Оденсборг самоуверенно улыбнулся.

— Не бойтесь, я крепко держу вожжи! Гельмут же хандрит, вот и все. Он скучает здесь без привычных развлечений, чувствует себя одиноким в фантастической Германии, но о влиянии родственников не может быть и речи. С ними у него никаких отношений, исключая кратких посещений больной бабушки, а личное вмешательство в управление или даже в партийные дела вовсе не в его вкусе.

— Конечно, вы должны знать его лучше, — подтвердил Хольгер. — Кроме того, молодому барону, даже если бы он и захотел, было бы трудно управлять своими имениями при нынешних обстоятельствах, потому что как раз теперь требуется исключительная энергия, чтобы удерживать в рамках повиновения этот мятежный народ, ожидающий только предлога для бунта. Малейшее доказательство слабости — и здешнее население обратится против нас и перейдет на сторону неприятеля, в котором видит спасителя и освободителя.

Беседуя, они пересекли прогалину и остановились у подножия холма. Отсюда нечего было и пытаться увидеть что-либо, так как стрельба уже давно затихла, но коль они уже прошли этот путь и Ева ждала их наверху, то решили подняться.

Арнульф между тем вернулся назад, сделав крюк, чтобы не встречаться с графом и наместником. Он так же хорошо заметил их издали, как и они его, и теперь медленно поднимался с берега к просеке.

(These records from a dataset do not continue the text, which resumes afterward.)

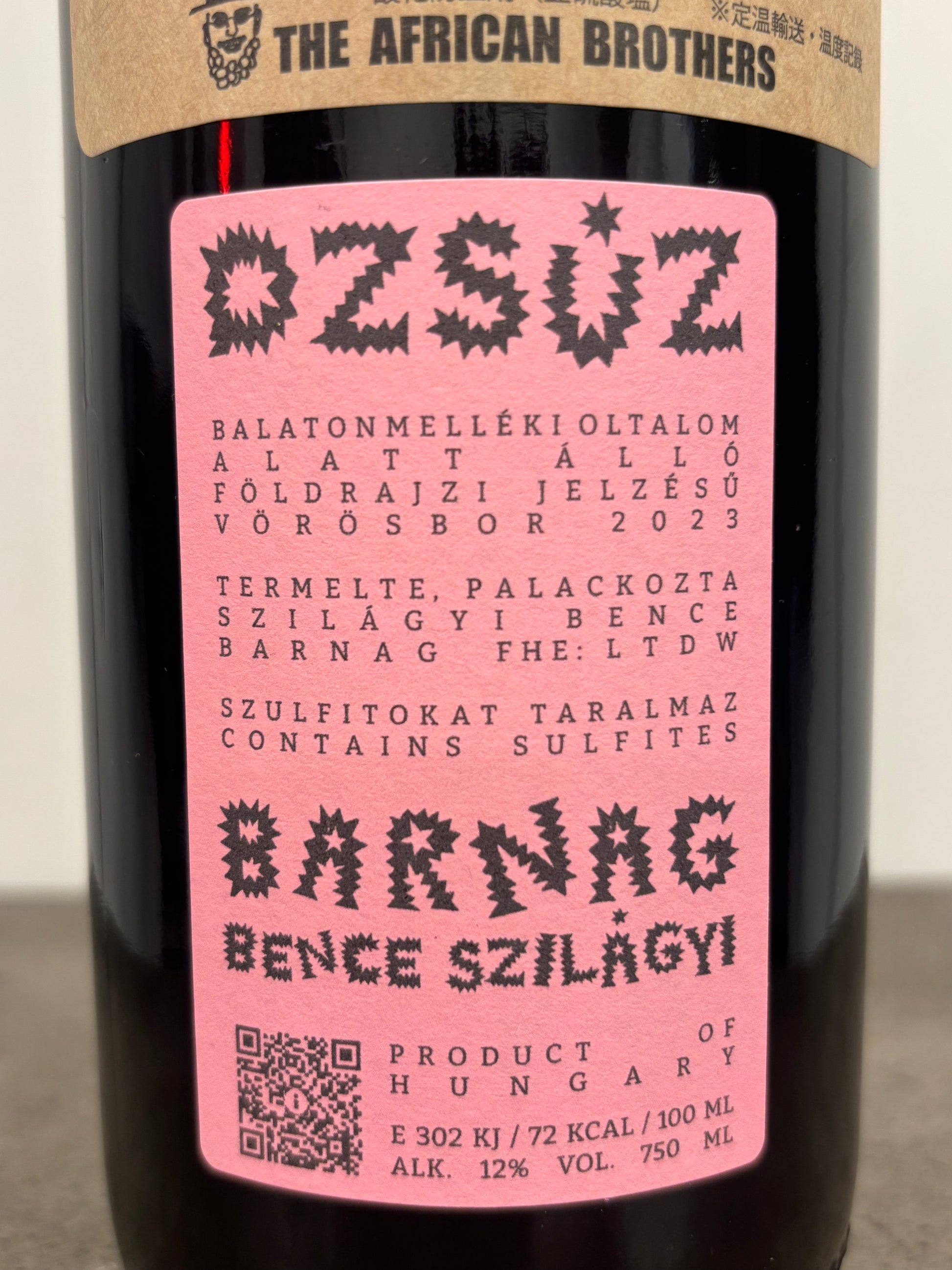 コンセプトはいつも同じで、飲みやすさを第一に考えた、フレッシュで軽くて美味しい赤ワインです。キュヴェの50%は冷涼な気候のモノスロー地区で若いケークフランコシュ(ブラウフレンキッシュ)の早摘みで収穫された物で作られ、ほとんどが全房で発酵。一部はダイレクトプレスで、ステンレスタンクと木樽に入れます。アスゾフォ地区の温暖なぶどう畑で育ったカベルネは全房でより長い期間マセレーションをし、木樽で熟成させます。ブレンドし、ノンフィルターで瓶詰め。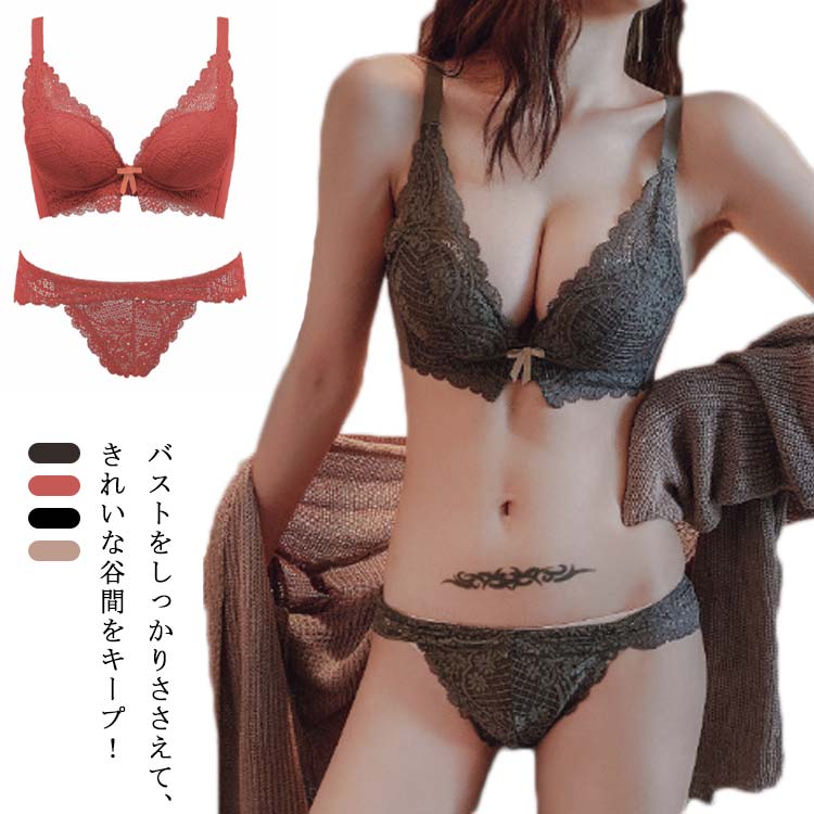 超盛り 補正ブラ レース ブラ&ショーツセット ブラ&ショーツセット ノンワイヤー 上下セット ブラジャー ランジェリー セクシー 可愛い 女性下着 ショーツ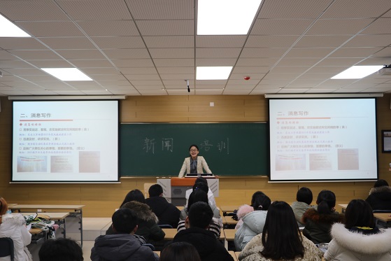 培训从新闻的时效性特征和具体分类切入,并由消息和通讯的两大方向深入展开写法指导。王钰慧表示,新闻写作的关键在于对事实的真实反映,需要通讯员宏观把握“5w+1h”和“凤头豹尾猪肚”的写作原则,微观处理好各新闻文体之间的差别,着重润色文章题目。她指出,消息的写作要求是客观简练,通常采用“倒金字塔”结构行文以吸引读者,减少主观词语的使用;而通讯则要求笔者在不改变事实的情况下进行艺术加工,全方位对事件进行描述,使中心人物更加丰满。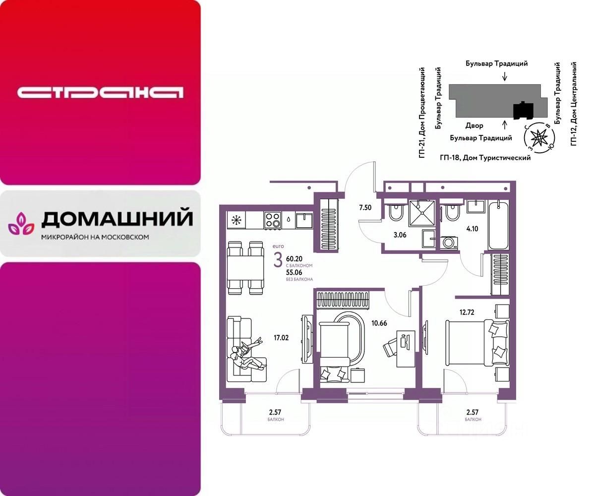 Продается 3комнатная квартира на 3 этаже от застройщика Страна Девелопмент. Площадь квартиры 60,2 кв. м.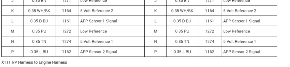 I am back probed into x111 pin N for 5v ref 3 to APP (according to OE reference diagram and powertrain management) and 5v ref 3 right into MAP sensor. From X1 of ECM, pin 33 is a tan wire, remains tan through x111 then into APP. Connector view shows Pin N on X111 to be a 5v ref 1?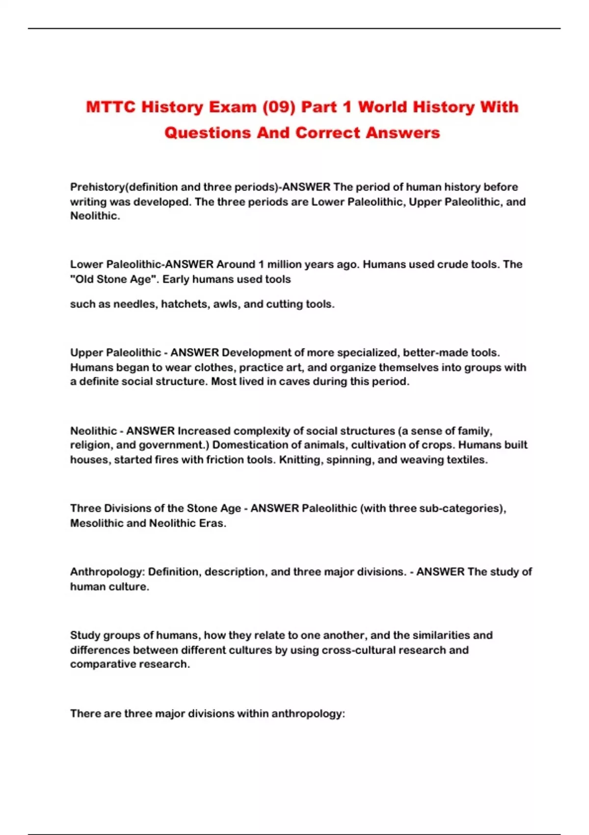 MTTC History Exam (09) Part 1 World History With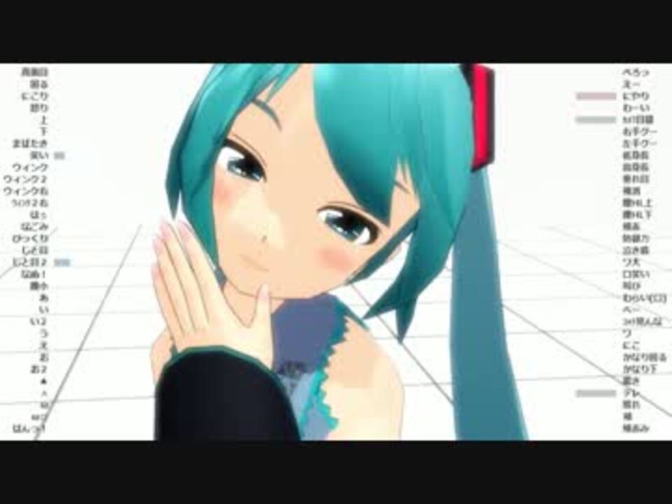 宣伝ありがとうございます!<br />先人がいらっしゃいました。→【MMD】表情ゲージチェッカー<a href="https://www.nicovideo.jp/watch/sm20644381" class="watch">sm20644381</a><br />最新版はVer2.0.4になります。配布場所は同じです。<br />左右の棒は何らかのツールではなくて、ただの手作りのPMXモデルです。<br />7200頂点くらいです。<a href="https://www.nicovideo.jp/mylist/18070526" target="_blank" rel="noopener">mylist/18070526</a><br />URLは下のほうに。<br />■音源・モーション:<a href="https://www.nicovideo.jp/watch/sm17624355" class="watch">sm17624355</a><br />■背景:3Dカスタム少女<br />■MME:Diffusion5、TrueCamera<br />■主な使用ツール:PMDEditor_0139、MikuMikuDance_v796、つんでれんこ2.40<br />■配布URL:<a href="http://bowlroll.net/up/dl21098" target="_blank" rel="noopener nofollow">http://bowlroll.net/up/dl21098</a><br />■備考:1280x720、30fps<br />■謝辞:MMD関連開発者様ならびにコンテンツ製作者様職人様に感謝。<br />

— Ушли ли, наконец, эти противные господа? — угрюмо бормотал он. — Я не могу встречаться с датчанами; когда-нибудь у меня лопнет терпение, и тогда приключится беда. Я ведь знаю, что они только и ждут повода. Осторожность? Сказать-то легко, а каково сделать, когда внутри тебя все кипит и клокочет, и сам задыхаешься от гнева? Когда это только кончится!

Он направился к оголенному еще лесу, намереваясь пойти тем же путем, каким пришли датчане, как вдруг остановился в изумлении. В лесу что-то двигалось, между деревьями виднелись фигуры семи или восьми человек, быстрыми шагами приближавшихся к нему. Постепенно можно было различить форму; сверкнули ружья. Это был отряд солдат, остановившийся на опушке, недалеко от того места, где стоял Арнульф.

— Стой! — скомандовал предводитель. — Мне нужно сперва сориентироваться, в проклятом лесу теряешь дорогу и направление. Совершенно верно, мы на прибрежном холме. Вот там Штрандгольм, а в пятнадцати минутах ходьбы отсюда усадьба Янсена. Дорога идет туда! Вперед!

— Капитан Горст! — воскликнул Арнульф.

— Господин Янсен! — последовал радостный ответ. — Вот это я называю счастьем. Мы только что собирались к вам.

— Ко мне?

— Да! Я ведь знаю, что вы — наш, а мы как раз нуждались в помощи друга. Мы — одни, отрезаны от своих и хотели пробыть у вас до тех пор…

— Нет, не туда! — перебил его Арнульф. — У меня датский постой, больше двадцати человек…

Это известие, по-видимому, ошеломило Горста; он раздраженно топнул ногой:

— Проклятие! Что же нам делать?

— Вы пришли по берегу? — спросил Янсен.

— Нет, через лес, но надо обезопасить себя. Унтер-офицер Мертенс, ступайте на берег и зорко следите за холмами, остальные, расставьте посты слева и справа. Как только покажется кто-нибудь, дайте тревогу!